There have been many movies, usually bittersweet comedies, about movie-making with the director as the put-upon ringmaster of eccentrics, like Truffaut's "Day for Night" or "Living in Oblivion," or bio-pics that show the director as eccentric visionary, like "Ed Wood" or "Matinee."
But I think "Baadasssss!" is one of very few to show the filmmaker as a driven artist, more comparable to the intense look at a ground-breaking creator like "Pollock."

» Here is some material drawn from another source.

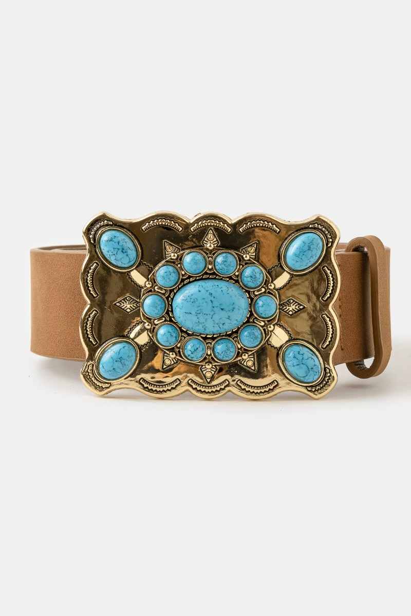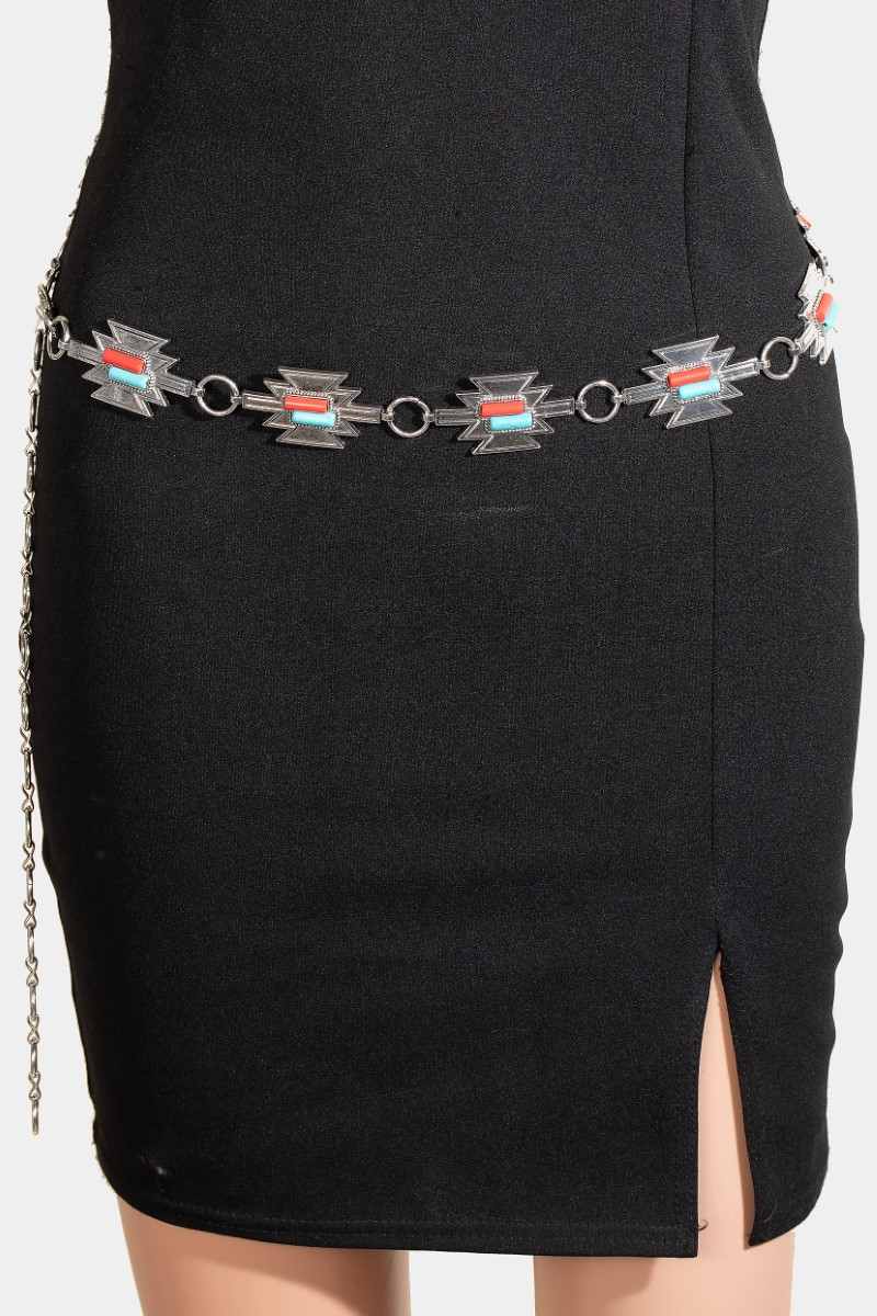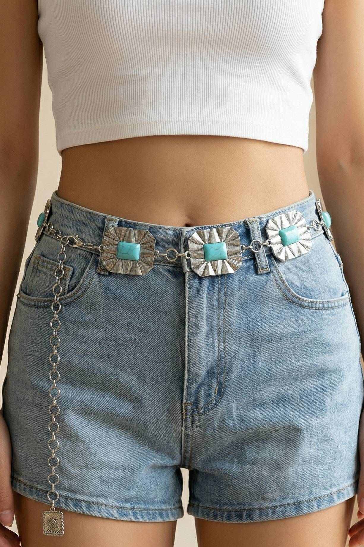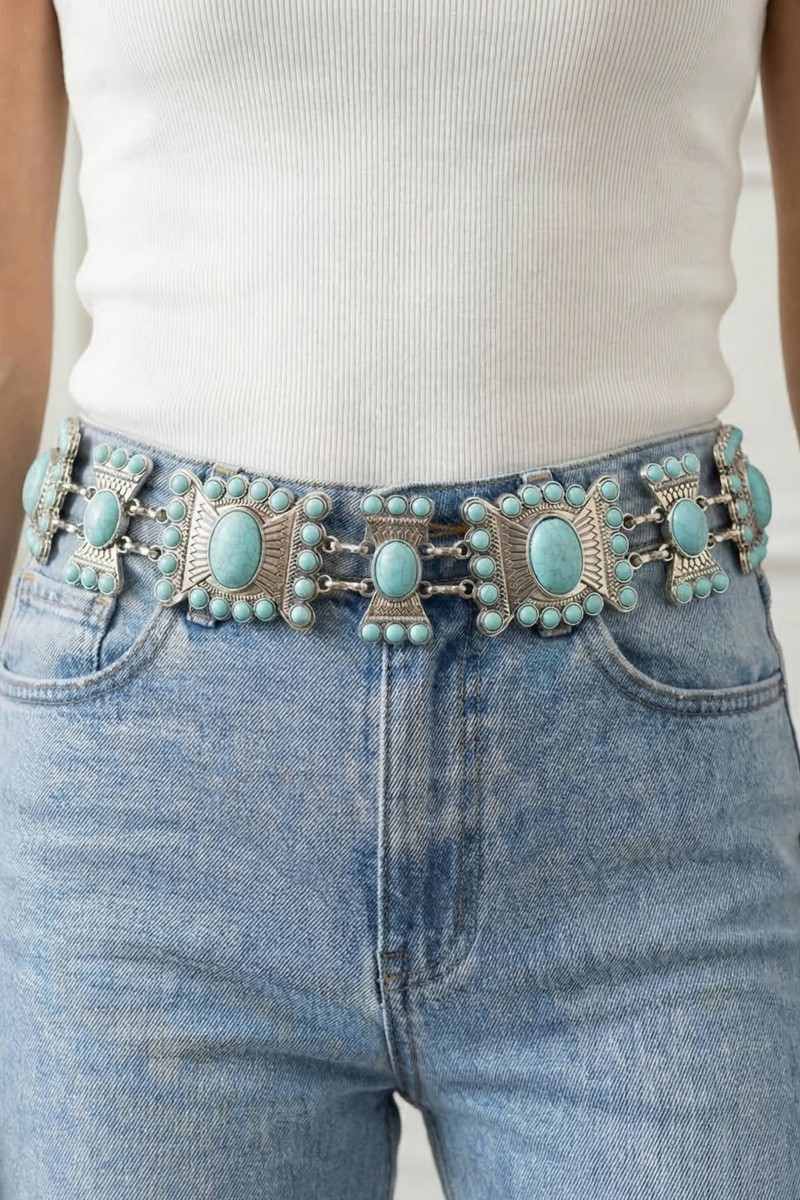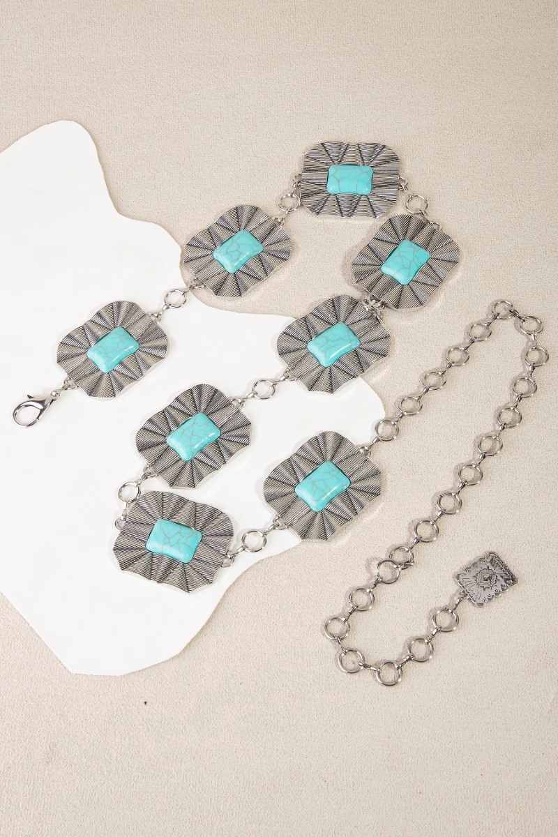 | Gold-tone alloy chain belt with rectangular turquoise-look stone. | |||

Writer/director/producer Mario Van Peebles eerily reenacts how his father Melvin wrote/directed/produced the seminal "Sweet Sweetback's Baad Asssss Song," one of the first indie movies that also virtually created the potent blaxpoitation genre and guerrilla moviemaking; I thought I had seen it back in '71, but as soon as this film started I realized my memory was, embarrassingly, confusing it with Robert Downey Sr.'s "Putney Swope," so now I do need to see the original.
The production design, including costumes and hair styles, exquisitely recreates the era, but the editing and cinematography suck us even further into Melvin's head as he incisively surveys the state of the image of blacks in movies up to that time and story boards his response.
Melvin's obsession to create and complete the film according to his vision and on his terms threatens his health and his personal and business relationships, but we are caught up in his whirlwind and root for him no matter how ruthless and prickly he becomes as the odds get ever longer and more frustrating and he refuses to compromise, taking offense at lame, well-meaning suggestions, for example, that he might get further if he would at least smile. But he everywhere, rightly or overly sensitively, only sees racism and condescension, including when he has to part layers of irony to beg Bill Cosby for help.
Recalling the spirit of Werner Herzog's documentary "My Best Fiend" about his tortured collaboration with Klaus Kinski to portray obsessives in "Fitzcarraldo" and "Aguirre: The Wrath of God," Mario adds layers of Freudian issues as this filial tribute unflinchingly includes the father's treatment of the son on set and off in the original film and unsparingly brings to life everyone around them.
Mario effectively borrows other bio-pic techniques, such as the camera-facing interviewees in "Reds," first by their portrayers, then, next to the closing credits, the real people, concluding with a loving portrait of his father.
Contrary to the original film, which boosted the careers of the fledging Earth, Wind, and Fire, the soundtrack instrumentation here is surprisingly traditional and sentimental.
The Portrait of the Artist can rarely be a Portrait of a Nice Guy and "Baadasssss!" beautifully and honestly shows why.